Decompensated cirrhosis included any of: bleeding esophageal varices, ascites, hepatic encephalopathy, hepatocellular carcinoma, spontaneous bacterial peritonitis or hepatorenal syndrome.

Statistical Analyses

The Chi-square test was used to test the association of diabetes with baseline conditions, and the non-parametric Wilcoxon-Mann-Whitney test was used to test the association of diabetes with duration of follow-up and the average number of healthcare encounters before the date of CHC definition, since both were not normally distributed. The incidence of study outcomes was calculated per 1000 person-years of observation and tested for statistical association with diabetes using the Chi-square test. Kaplan-Meier curves were generated to plot time to decompensated cirrhosis by baseline cirrhosis and diabetes. The risk of developing the study outcomes: decompensated cirrhosis, hepatocellular carcinoma and the composite outcome of liver transplant/death were modelled using separate Cox proportional hazard models stratified by baseline cirrhosis, controlling for gender, age group, alcoholic liver disease/alcohol abuse, obesity, HBV co-infection, HIV co-infection, recent interferon-based CHC treatment and diabetes. Hazard ratios (HR) and 95% confidence Wald intervals were reported. Separate multivariable Cox proportional hazards model tested the interaction of diabetes with baseline cirrhosis, the interaction of CHC treatment with baseline cirrhosis and the interaction of diabetes with CHC treatment. A sub-analysis including only persons with ≥3 years of follow-up was also performed (n= 16,750 persons, median follow-up=4.4 years [interquartile range, 3.6–5.6]). SAS Enterprise Guide version 7.1 (SAS Institute Inc., Cary, NC) was used for all data management and analyses.

Results

We identified 75,805 CHC patients with at least 6 months insurance coverage beginning on the date when the CHC definition was met who were enrolled in employer-sponsored health insurance plans in the US from 1/1/2006 through 6/30/2013. Figure 2 shows the algorithm with inclusion/exclusion criteria that resulted in the final study population. The median years of follow-up was 1.9 (range 0.5–8). The study population was predominantly male (61.8%) and had a median age of 53 years (range 18–64). Insured dependents of employees constituted 32.3% of the study population. Diabetes mellitus was identified in 10,317 (13.6%) of the CHC population at baseline. Among 10,317 diabetics, there were 2,840 persons identified only by diabetes medications. Of the 7,477 individuals having ICD-9-CM diagnosis codes for diabetes, there were 1,289 (17.2%) persons with at least one ICD-9-CM diagnosis code for type 1 diabetes and 79 (1.1%) persons with at least one code for secondary diabetes.
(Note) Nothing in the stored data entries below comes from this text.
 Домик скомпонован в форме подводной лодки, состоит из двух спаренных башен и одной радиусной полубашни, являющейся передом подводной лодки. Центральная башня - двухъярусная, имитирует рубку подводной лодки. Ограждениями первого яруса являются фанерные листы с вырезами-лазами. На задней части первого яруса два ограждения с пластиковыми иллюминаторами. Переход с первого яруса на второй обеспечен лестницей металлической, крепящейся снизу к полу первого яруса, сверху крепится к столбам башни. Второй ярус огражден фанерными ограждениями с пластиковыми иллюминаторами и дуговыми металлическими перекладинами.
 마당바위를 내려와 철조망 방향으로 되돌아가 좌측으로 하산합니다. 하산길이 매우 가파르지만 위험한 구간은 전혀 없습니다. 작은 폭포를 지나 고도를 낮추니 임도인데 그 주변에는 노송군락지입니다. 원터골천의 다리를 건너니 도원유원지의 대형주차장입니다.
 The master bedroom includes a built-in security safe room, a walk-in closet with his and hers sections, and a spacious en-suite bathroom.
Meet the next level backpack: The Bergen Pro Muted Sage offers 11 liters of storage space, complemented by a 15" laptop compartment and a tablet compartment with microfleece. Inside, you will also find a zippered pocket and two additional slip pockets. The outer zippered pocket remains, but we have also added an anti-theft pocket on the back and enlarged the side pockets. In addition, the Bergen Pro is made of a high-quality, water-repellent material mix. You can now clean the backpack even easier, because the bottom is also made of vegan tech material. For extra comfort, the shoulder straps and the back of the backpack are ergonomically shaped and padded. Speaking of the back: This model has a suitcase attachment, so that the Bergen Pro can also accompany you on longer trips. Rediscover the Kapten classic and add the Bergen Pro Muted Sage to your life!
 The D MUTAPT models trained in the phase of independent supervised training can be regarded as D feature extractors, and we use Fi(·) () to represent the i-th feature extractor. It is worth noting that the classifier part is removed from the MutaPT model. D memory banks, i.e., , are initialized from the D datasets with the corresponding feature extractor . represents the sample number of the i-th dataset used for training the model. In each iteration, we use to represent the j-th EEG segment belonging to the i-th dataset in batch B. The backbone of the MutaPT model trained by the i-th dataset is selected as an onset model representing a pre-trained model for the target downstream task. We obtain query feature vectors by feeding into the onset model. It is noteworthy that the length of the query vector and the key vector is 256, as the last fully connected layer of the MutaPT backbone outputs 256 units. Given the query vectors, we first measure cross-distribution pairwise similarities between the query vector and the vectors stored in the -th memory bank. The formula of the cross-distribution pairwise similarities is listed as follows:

Diabetic CHC patients were more likely to be male, older, obese, and have cirrhosis at baseline and were less likely to be coinfected with HIV and have received CHC treatment during the baseline period compared to non-diabetic CHC patients (Table 1). The median follow-up time for diabetic CHC patients (1.77 years, interquartile range [IQR] 0.96–3.09) was shorter than that of non-diabetic CHC patients (1.88 years, IQR 0.99–3.41, p<0.0001). Diabetic patients had more healthcare encounters in the 6 months prior to the date when the CHC definition was met (median 7 encounters, IQR 4–12) compared to non-diabetics (median 5, IQR 3–10, p<0.0001), in a subset of 44,657 patients with complete insurance coverage in the 6-month period before meeting the CHC definition.

Algorithm with Inclusion/Exclusion Criteria to Identify Patients with Chronic Hepatitis C from Health Insurer Claims Data

*The baseline period was defined as the first 6 months beginning on the date when chronic hepatitis C definition was met

Table 1.

Baseline^* Characteristics of Chronic Hepatitis C Patients

Characteristic	All patients n=75,805 n (%)	Diabetics n=10,317 n (%)	Non diabetics n=65,488 n (%)	p value

Male	46,853 (61.81)	7,184 (69.63)	39,669 (60.57)	<.001

Age 18–39	7,930 (10.46)	316 (3.06)	7,614 (11.63)	<.001
40–44	5,636 (7.43)	498 (4.83)	5,138 (7.85)
45–49	12,474 (16.46)	1,423 (13.79)	11,051 (16.87)
50–64	49,765 (65.65)	8,080 (78.32)	41,685 (63.65)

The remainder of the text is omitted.